We currently stand at a critical transition point. The co-engagement, contextual, and temporal signals are all present in the ranking model architecture, but they have not yet reached a state of full, fluid interaction. The path forward should follow a Two-Fork Strategy:

Deep Integration: Refining our existing model arch to ensure the Contextual and Temporal dimensions are perfectly fused without compute bloat.
Semantic Expansion: Building the bridge to the "Future with Meaning," where LLM-like understanding/reasoning turns high-intent signals into the primary steering wheel of the recommendation engine.

Learning #3. Moving Beyond the "LLM Identity Crisis"

With the rise of LLMs, I personally have felt an identity crisis, wondering if my knowledge about RecSys is becoming obsolete.
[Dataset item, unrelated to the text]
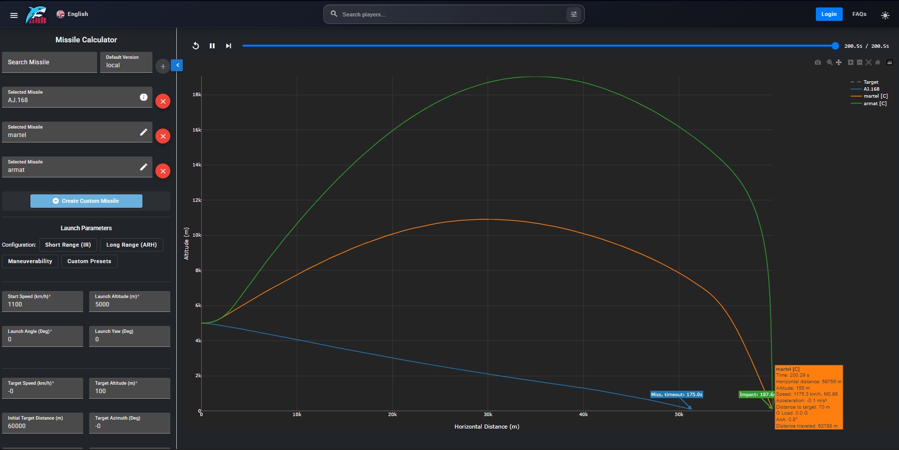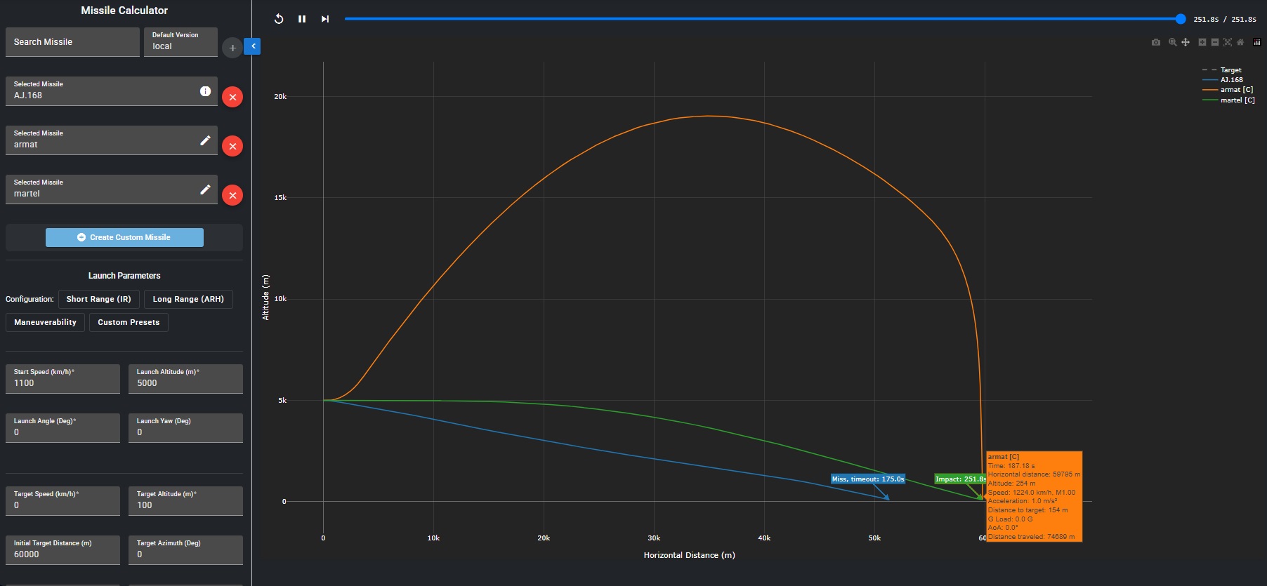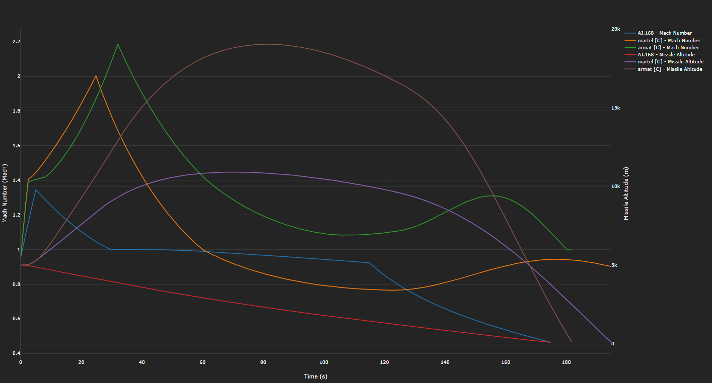 For balance purpose in game, it is possible to vary these characteristics significantly, for example by allowing only mode 1 with a degraded maximum range of let say 15 to 30Km, and mode 2 with a 15 to 20 Km effective seeker range from launch point. Even if we have to admit that it would be sad.

But through this thought exercise, I’ve realized that RecSys is mapping fundamentally different manifolds.

As Demis Hassabis often explains, AlphaFold was designed to model the "energy landscape", the underlying physics of how proteins fold.
LLMs are designed to model the manifold of human knowledge and reasoning as encoded in language.
RecSys are different. Its "Job to be Done" is to map the manifold of the human psyche, the intricate, shifting landscape of individual preferences, social identities, and temporal journeys.

Even the most advanced LLM doesn't invalidate the fundamental dimensions we have spent decades mastering:

Connection: The social truth that we are influenced by what our peers enjoy.
Context: The environmental truth that our needs change based on where we are and what time it is.
Time: The biological truth that human interest is a journey of evolution.

Whether we fold these dimensions into an LLM or bring LLM-reasoning into our existing architectures, the mission of RecSys remains unique: it's building a multidimensional map of human desire.